Clown (UK DVD)
Directed by Jon Watts
Distributed by Studiocanal
Real estate agent Kent (Powers) is a doting father to his son, Jack (Distefano), and devoted husband to his wife, Meg (Allen). Determined to ensure that his son’s 10th birthday party goes off without a hitch when the clown booked for the event is unable to show, Kent decides to don a costume and makeup that he has fortuitously found hidden in an old trunk in the basement of his latest property assignment.
Once the party is over, Kent finds himself having a hell of a time trying to get both the costume and the accompanying makeup to come off.
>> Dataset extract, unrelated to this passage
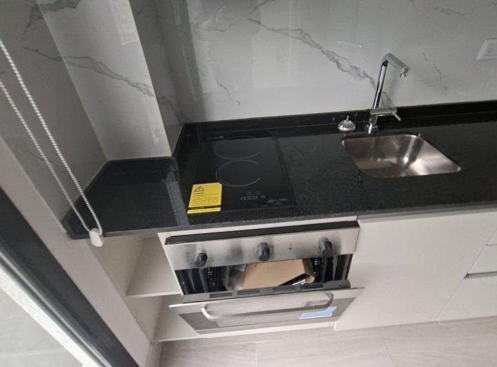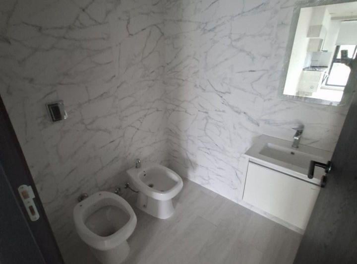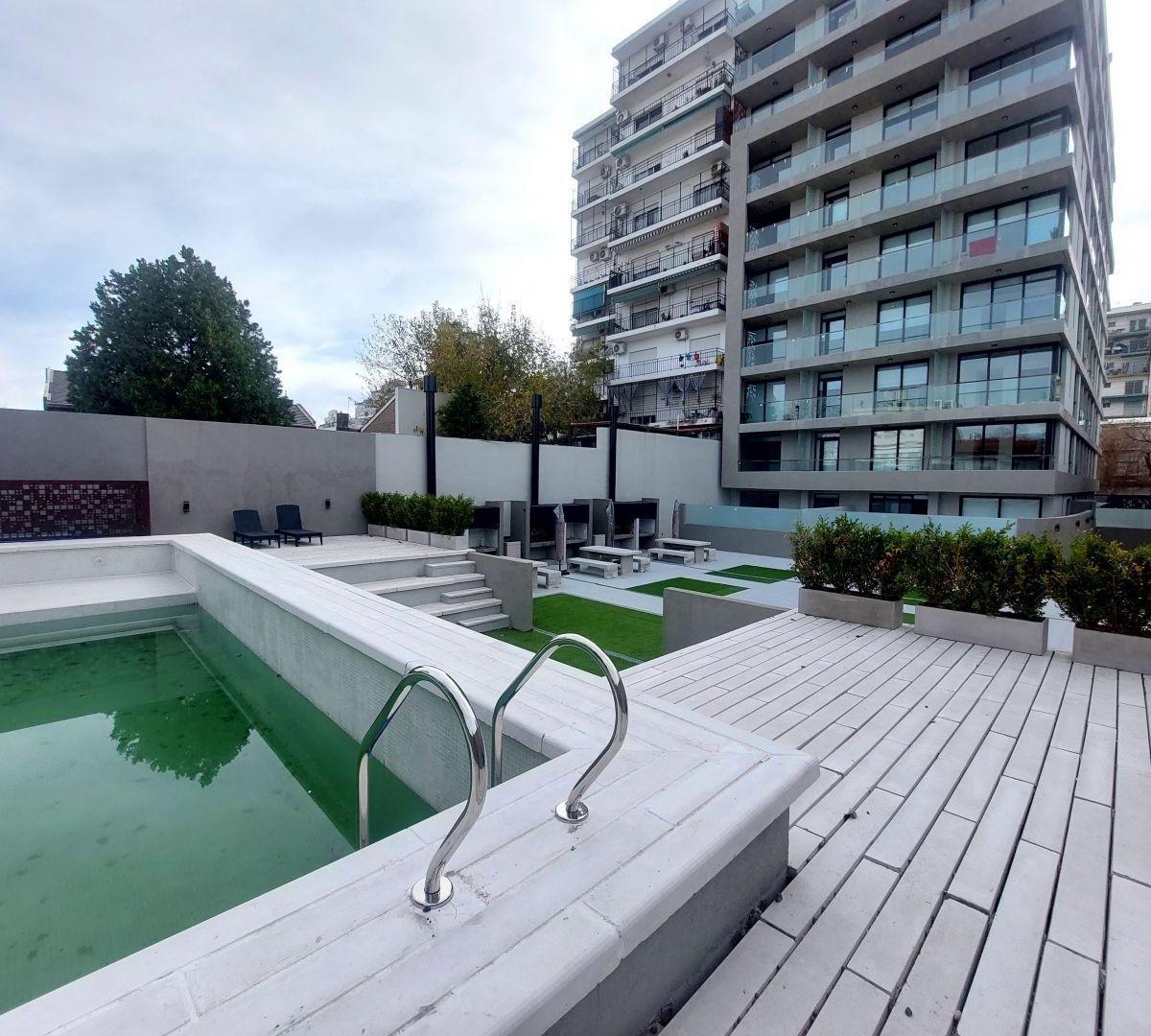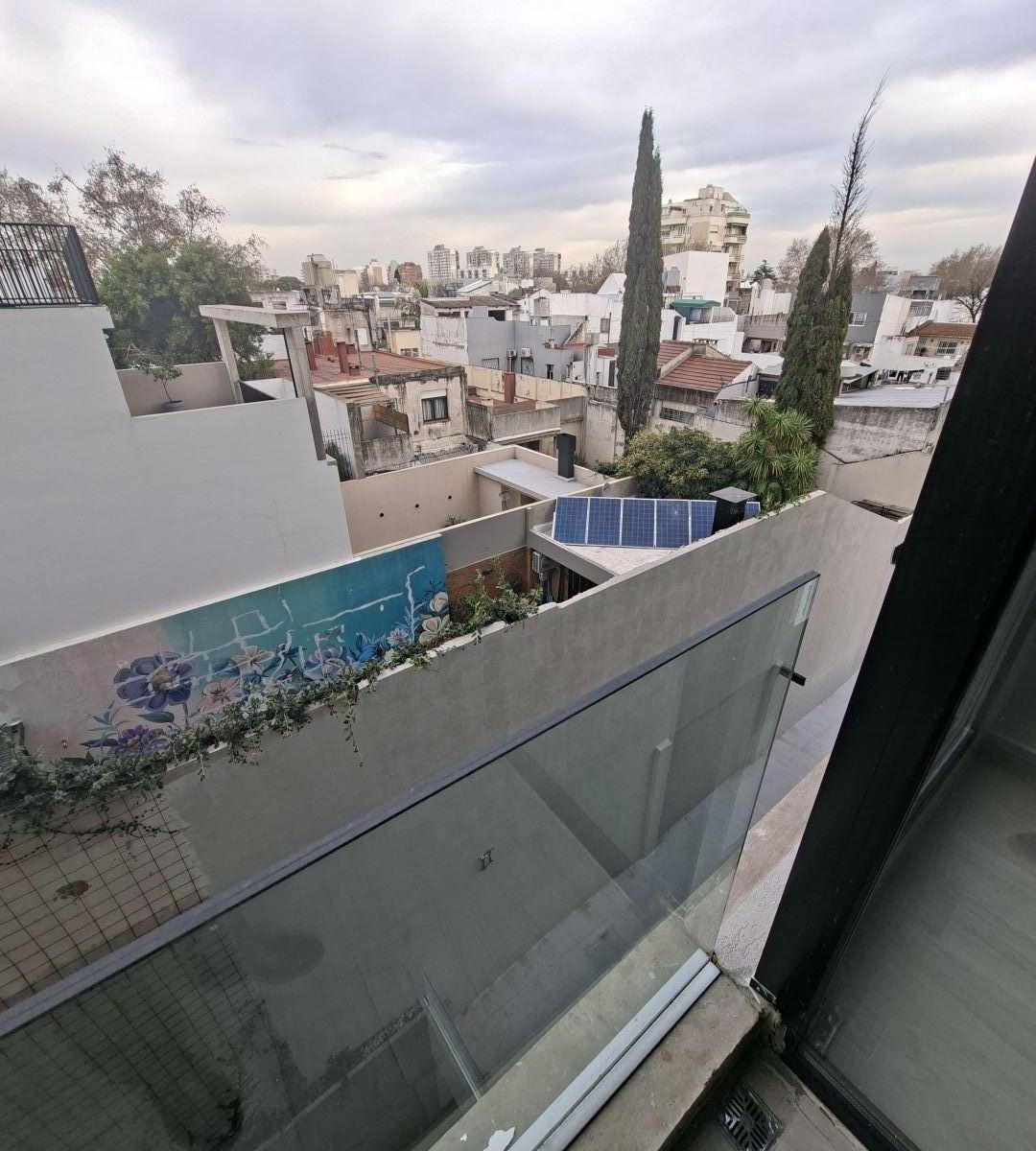 Квартира-студия в Villa del Parque, новая (a estrenar), с керамическими полами. Кухня полностью установлена полуинтегрированно в помещение: электрическая плита с духовкой, естественная вентиляция. Есть ванная комната с тумбой (vanitory) и душем, общий смеситель mono comando. Балкон с боковым видом. В здании предусмотрены общий солярий на первом этаже, бассейн, зона гриля, коворкинг, общая гостиная для жильцов (SUM), фитнес-зал (Gym fitness), прачечная (laundry), (закреплённое) парковочное место

He can’t remove the bulbous red nose, the pasty white face paint, the multicoloured wig, nor the full body suit no matter how hard he tries – much to the initial amusement of his wife.
It quickly becomes apparent that there’s absolutely nothing funny about this particular clown costume, nor Kent’s situation. Seeking the help of the reclusive and eccentric Mr. Karlsson (Stormare), whose brother owned the trunk and costume, Kent learns that the suit is actually the skin of a mythical child-eating creature… and it will soon consume him, transforming him into a slavering beast hungry for the flesh of the young.
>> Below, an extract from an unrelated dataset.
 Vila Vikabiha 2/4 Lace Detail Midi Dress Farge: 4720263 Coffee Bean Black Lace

he core concept of Clown is such a great one that it’s a real surprise it hasn’t been attempted previously (yes, we’ve had demonic, child-eating clowns before, but never quite like this). Director Watts and co-writer Christopher Ford set the story off at a rocketing pace, wasting very little time in getting Kent into the costume and off for a hell-ride, before slowing down in the second act to focus a little more on the personal effects of his metamorphosis.
And while there’s a consistent undercurrent of dark comedy playing throughout the whole piece, Clown is without a doubt an out-and-out horror film, mixing the body-horror elements of David Cronenberg’s The Fly with nods to the demonic possession genre. Watts refuses to play it safe when it comes to the gore, and especially when it comes to the death and mutilation of young children – something which is likely to catapult Clown to almost instant cult status.
From innocent, friendly young kids to spoilt-rotten schoolyard bullies, children are bitten, punctured, ripped apart and consumed on a semi-frequent basis – though Watts knows exactly what he’s doing, so while it’s undoubtedly shocking, it’s never gratuitous or mean-spirited. There’s always a knowing wink in the camera’s eye when one of the young ‘uns is dispatched.
The film’s snappy pace and consistent shocks are well held together by an enthralling mythology, delivered through Stormare’s engaging performance as Karlsson. He’s the kind of actor who does wild eccentricity exceptionally well – and he’s just as good as you’d expect here. Unfortunately, he isn’t around for anywhere near as long as you would hope. Besides him, Laura Allen is the main star of the show as the suffering wife, trying to come to terms with her husband’s affliction and, later, protect both herself and her child from him.
On the negative side of things, despite being the central character, Andy Powers isn’t really given a ton to do as Kent. For the most part, he’s an everyman, and he reacts to his situation like an everyman. The frustration and fear that he delivers feel authentic, but Clown doesn’t put quite enough effort into developing the family dynamic that would make the core tragedy at play here have more of an impact. Before we get much of a feel for Kent all-round, he’s mainly replaced by the scowling monstrous form demanding satiety by way of children – peeking through occasionally to beg for help. That’s not a failing of the actor at all… just a few script tweaks could have helped build a stronger emotional web for the film to operate in.
Taking centre stage above everything else, however, are Clown‘s creature design work and special effects, which are excellent across the board. That dark humour creeps in through the design, too, which features hilarious pastel-coloured blood first revealed as the punch line to an otherwise grim suicide attempt. The monster is inspired, with Kent’s suit gradually taking on a more organic, reptilian form as it adheres to his body. By the end the full transformation is in swing, and it’s a classical creature-feature sight to behold, party hat-shaped horn and all. It would have been nice to see it in action a little bit more than we do at the film’s finale, though.
Despite failing to truly bring itself home in terms of emotional impact, Clown is still one heck of an entertaining flick. Watts has crafted an effective shocker, sporting some great set-pieces – effectively turning an adventure playground into a claustrophobic hunting ground in one instance – in which nobody truly feels safe (especially the kids!). He ably keeps the tension mounting as Kent’s condition worsens and ultimately delivers some nice old-school, gore-soaked monster madness that’s painted with the blackest of wit.
Doing a disservice to the film, Studiocanal’s UK DVD release of Clown is a completely bare bones party. Not including some behind-the-scenes looks at the effects work (at the very least) feels like a grossly missed opportunity.